Following in the steps of beautiful people such as Mary, Keith, Andy,
and Anthony, I’m posting the paper and slides for Ben’s and my OSDC presentation.
For looking at the presentation, I recommend the Open Office version so you can see the animations. Press F5 to start the presentation, then keep pressing space. I should also mention that, during the conclusion, where the slides point to Rails or Django, it’s not an exclusive recommendation, so much as a recommendation to investigate Rails or Django first. Read the paper and use your brain.
The talk itself went over well. Quite a few people mentioned that seeing Rails and Django code side by side was helpful. Here are some photos from Andy, Keith, Wen Lin and Karen Askins. I quite like this one of Ben, but this one of me is just inexplicable. We made everyone stand up during the audience participation section.
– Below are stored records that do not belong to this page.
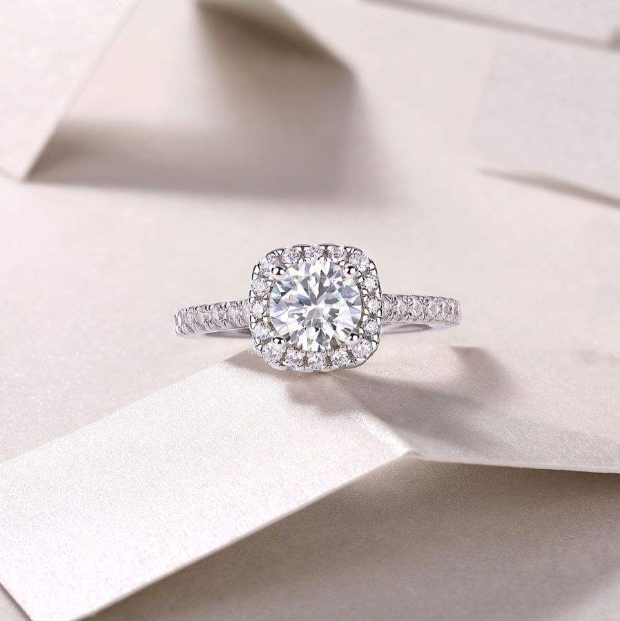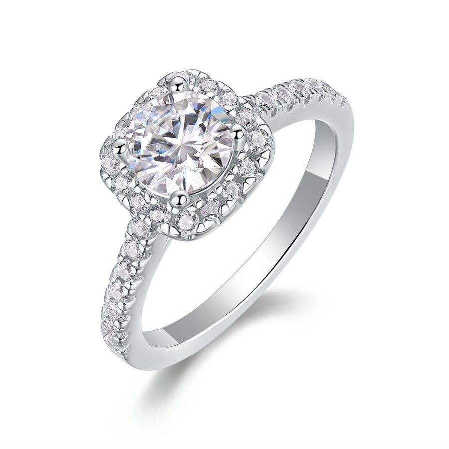 S925 sterling silver jewelry set European and American zircon square diamond ring necklace ins square stud earrings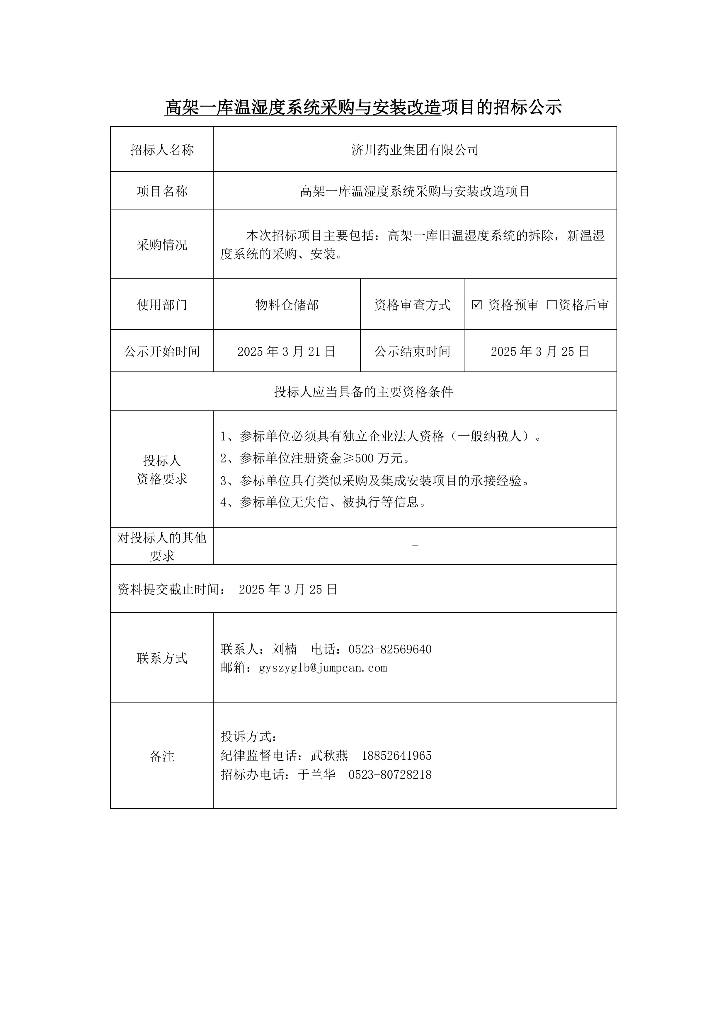 高架一库温湿度系统采购与安装改造项目的招标公示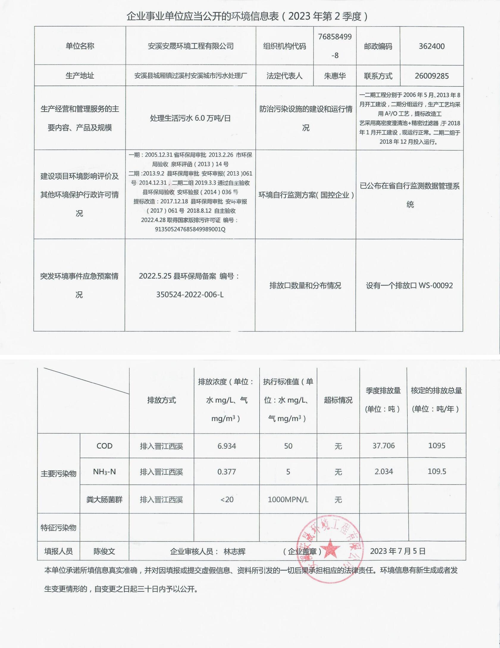 安溪城市汙水處理廠2023年第2季度環境信息公開
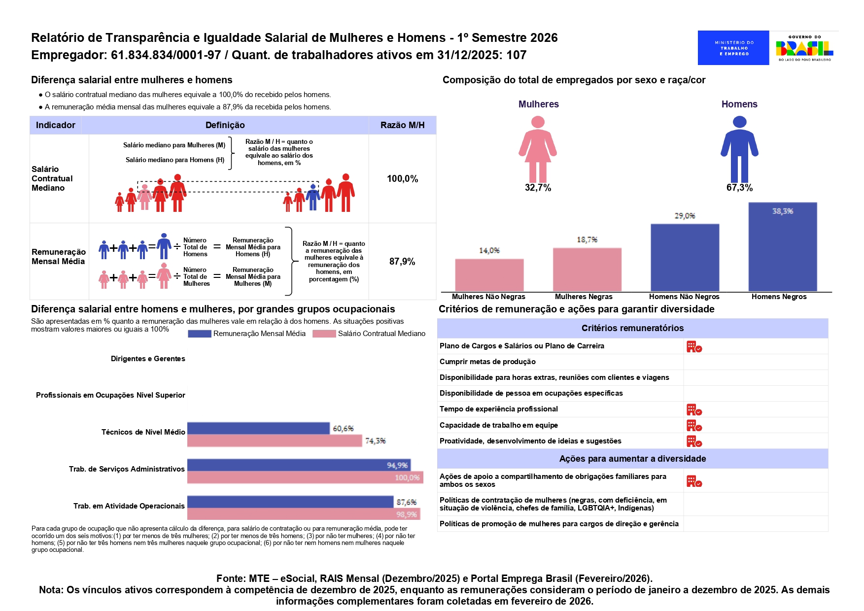Relatório de Transparência e Igualdade Salarial de Mulheres e Homens – 1º Semestre 2026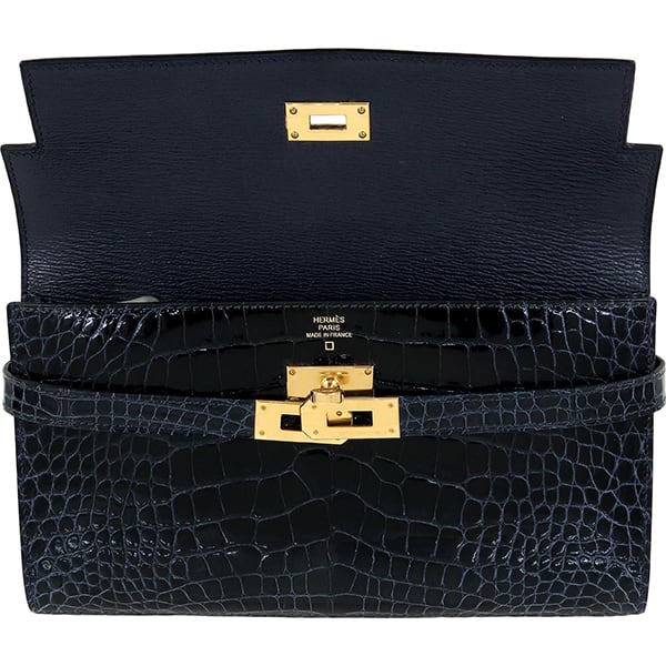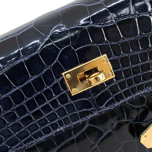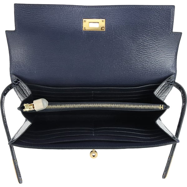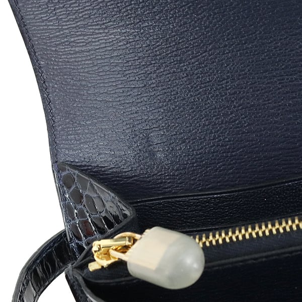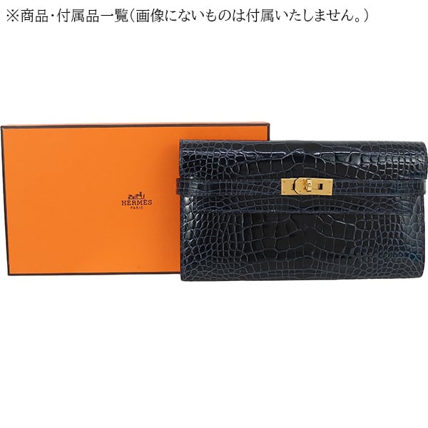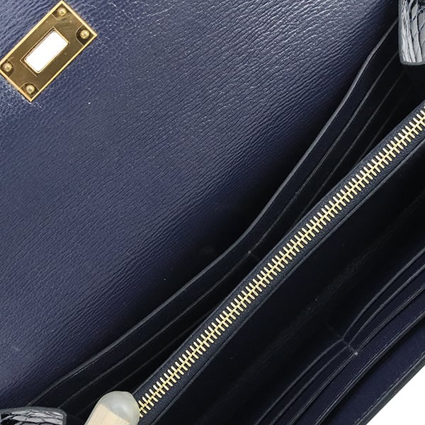 Used HERMES エルメス 長財布 ケリーウォレット ロング アリゲーター リセ ブルーマリン ゴールド金具 C刻印 超美品

Thanks again to everyone who sent us feedback, and a big thanks to Ben for making it possible.
Comments
To see the paper as it appears in the proceedings, you can go here:
http://osdcpapers.cgpublisher.com/product/pub.84/prod.29
Interesting comparison. Shows that you only get a real comparison, if more than one person (opinion) is involved.
Is there a text description of the specification of "Habitual Readers" or is the static HTML prototype the reference? I have a mind to try this in TurboGears and do the same measurements :-)
because of your slides, i'm going to take a closer look at django. and i thought rails was nirvana.
I really enjoyed those slides - great use of diagrams, and it looks like the presentation flow was really tightly planned. How long did it take you guys to put together the presentation itself (slides + planning)?
Great presentation. I especially appreciated, in the number-of-advertised-jobs chart, how you included general Python and Ruby job ads. Previous comparisons have compared only Rails vs. Django job ads, which is misleading.
Well done!
Nice effort! As you say: it would need more rigorous trials to get a more or less scientific comparison. But even so: some of the strong points of both solutions come out clearly. I would love to see someone do a similar test on Rails vs. Django vs. Grails...
_excellent_ paper. I only read the PDF, but it was crystal clear. It gave a well-balanced yet thorough and informative overview of both products.
excellent, excellent, excellent.
Simon: Not exactly sure, but it was around 100 hours from Ben and I each, from start to finish.